WHAT YOU NEED TO DO: Keep to one stretch of the data below, the lines from the one with "Unos minutos después, el" up to and including the one with "佩戴着口罩、穿着统一制服的工", and return that stretch exactly.

PROVIDED INFORMATION:
········
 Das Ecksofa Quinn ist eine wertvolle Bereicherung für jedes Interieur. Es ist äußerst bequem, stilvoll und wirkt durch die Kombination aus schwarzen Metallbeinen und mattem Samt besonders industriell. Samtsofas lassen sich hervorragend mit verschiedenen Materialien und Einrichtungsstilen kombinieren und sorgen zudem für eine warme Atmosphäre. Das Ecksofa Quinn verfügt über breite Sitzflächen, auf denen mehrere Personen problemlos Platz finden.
········
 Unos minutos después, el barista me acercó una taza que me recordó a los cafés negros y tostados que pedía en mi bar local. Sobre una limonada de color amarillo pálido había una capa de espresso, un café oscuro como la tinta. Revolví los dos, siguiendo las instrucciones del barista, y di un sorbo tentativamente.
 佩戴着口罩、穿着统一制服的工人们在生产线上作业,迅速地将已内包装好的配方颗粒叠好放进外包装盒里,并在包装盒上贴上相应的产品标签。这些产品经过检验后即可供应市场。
········
EXERCISE ANSWER:
 Unos minutos después, el barista me acercó una taza que me recordó a los cafés negros y tostados que pedía en mi bar local. Sobre una limonada de color amarillo pálido había una capa de espresso, un café oscuro como la tinta. Revolví los dos, siguiendo las instrucciones del barista, y di un sorbo tentativamente.
 佩戴着口罩、穿着统一制服的工人们在生产线上作业,迅速地将已内包装好的配方颗粒叠好放进外包装盒里,并在包装盒上贴上相应的产品标签。这些产品经过检验后即可供应市场。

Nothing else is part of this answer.